Some useful characteristics of the Opal therapy
- Knowledge of type of tumour and the exact tumour location are not
required. We only need a general idea where the tumours are, or are
likely to be. Compare this with radiation therapy and surgery, which
require accurate knowledge of tumour size and location. Chemotherapy
and hormone therapy require accurate knowledge of the type of tumour
present. Systemic PDT does require any knowledge at all about any cancer
present.
- There are no known disease transmission processes associated with
this therapy. With surgery and biopsies, cutting into tumours may result
in the growth of the smaller tumours at distant sites, or along the
surgical wounds (9).
- The therapy can be repeated as often as required.
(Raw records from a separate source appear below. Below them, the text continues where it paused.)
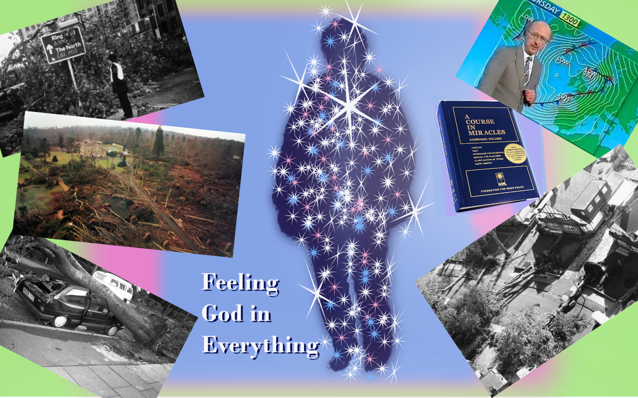 It was October 15th 1987. Several months previously I was a crashed party-animal in crisis. Now I was into spirituality and whatever helped me move on into what looked more and more like a wonderful world. I had been reading and working with a book called A Course In Miracles which contained a lesson for every day of the year. Today’s lesson was number 29, “God is in everything I see”. This made sense to me as God is everywhere. So I would look at a chair, and say to myself, “God is in this chair”. I would look at the floor and say “God is in this floor”, and so on. It all seemed quite easy and a bit of fun.
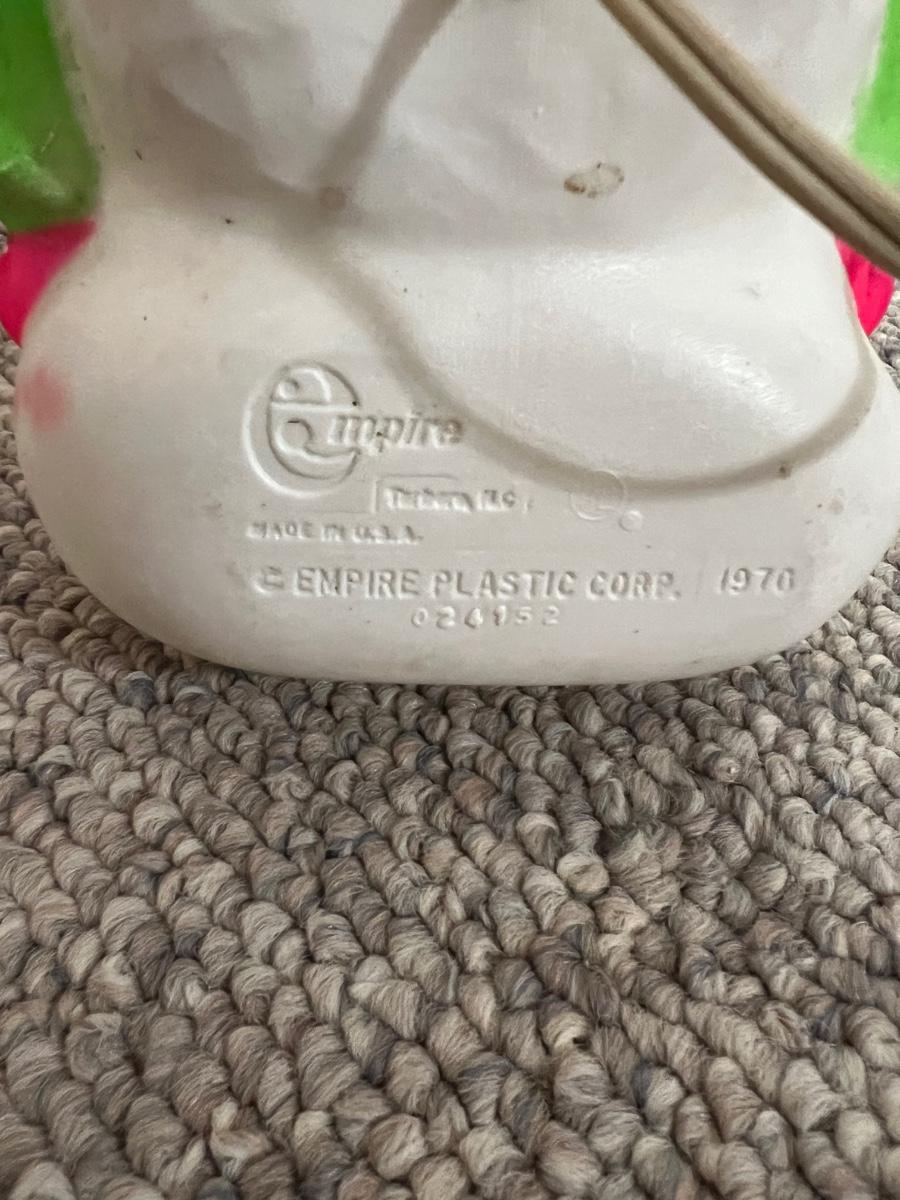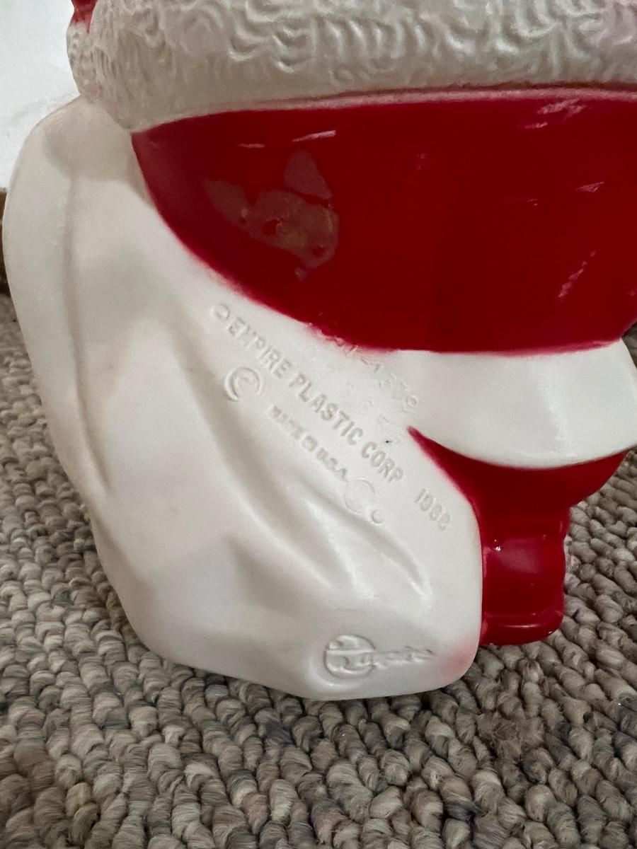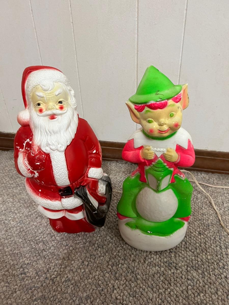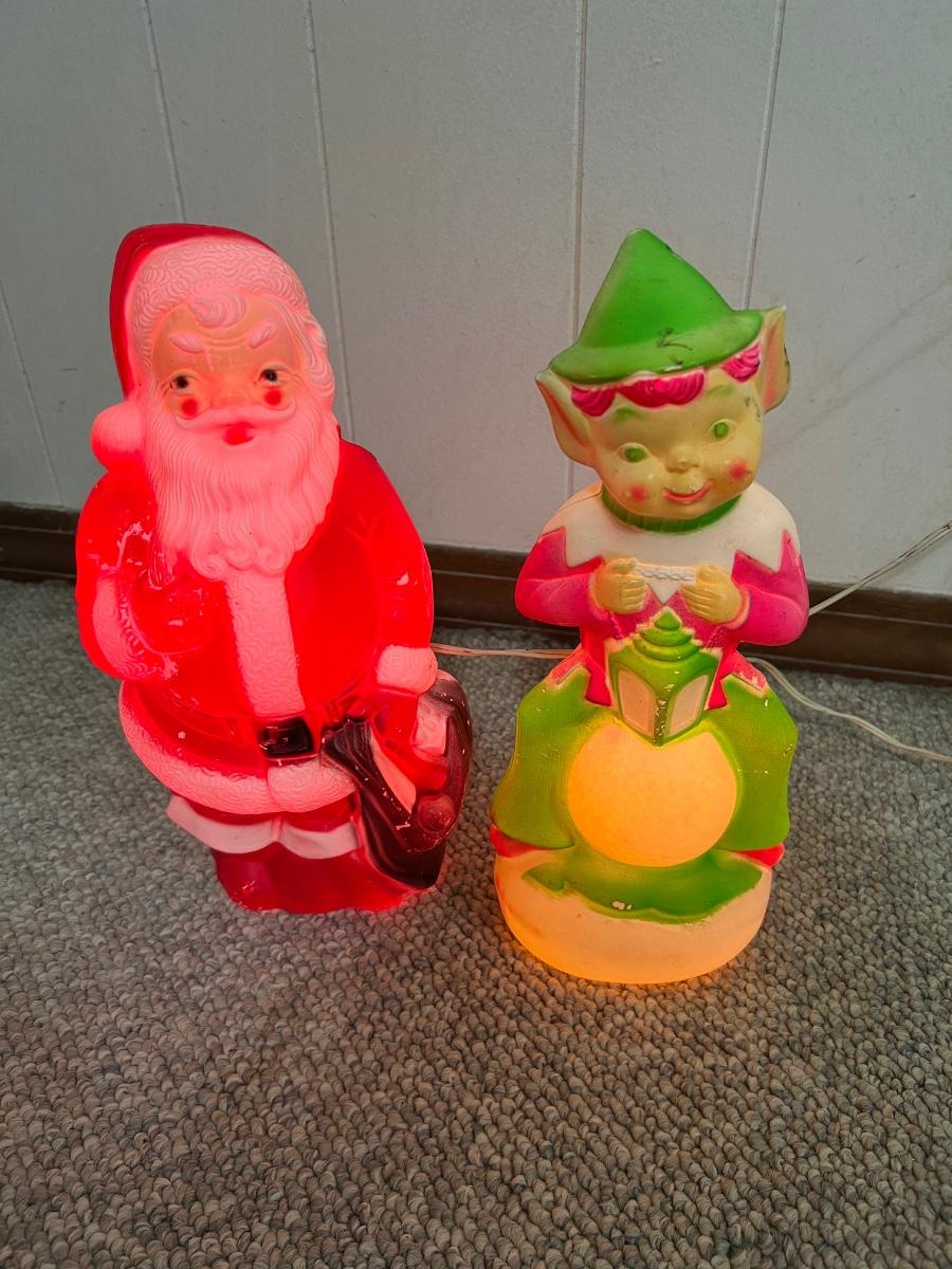 PAIR Vintage Santa 1988 and Vintage Elf 1970 Plastic Christmas Decor. Both light up. Measures 13 inches tall.
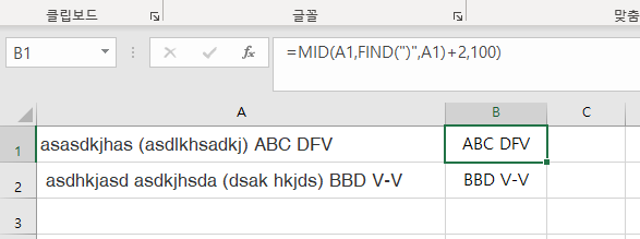 엑셀 특정 문자 뒤에 있는 글씨만 추출하는 방법
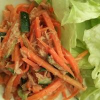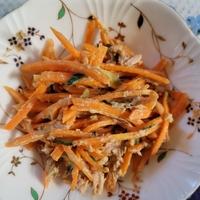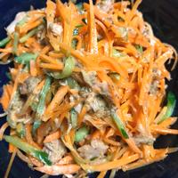 まるごと1本のにんじんをたっぷり食べることができる、簡単でとてもおいしいサラダのご紹介です。練りごまを入れることによって、ごまの風味が効いていて、千切りにしたにんじんときゅうり、ツナと良く合います。ぜひ、作ってみてくださいね。

This is because
the sensitizer has very low or no toxicity before it is exposed to light
or sound. The body treats it as a foodstuff. Once activated, it is toxic,
but only to the cells it is in, i.e. the cancer cells. Thus the sensitizer
acts as a 'Trojan horse', and the body does not develop resistance to
it. Compare this with chemotherapy and radiation therapy, where the
larger the dose, the greater the damage to normal cells as well as to
cancer cells. Also, with chemotherapy, the body correctly treats these
drugs as toxins. It may learn to resist them, resulting in the drugs
no longer being effective.
- The two therapies together are more effective than either alone(17)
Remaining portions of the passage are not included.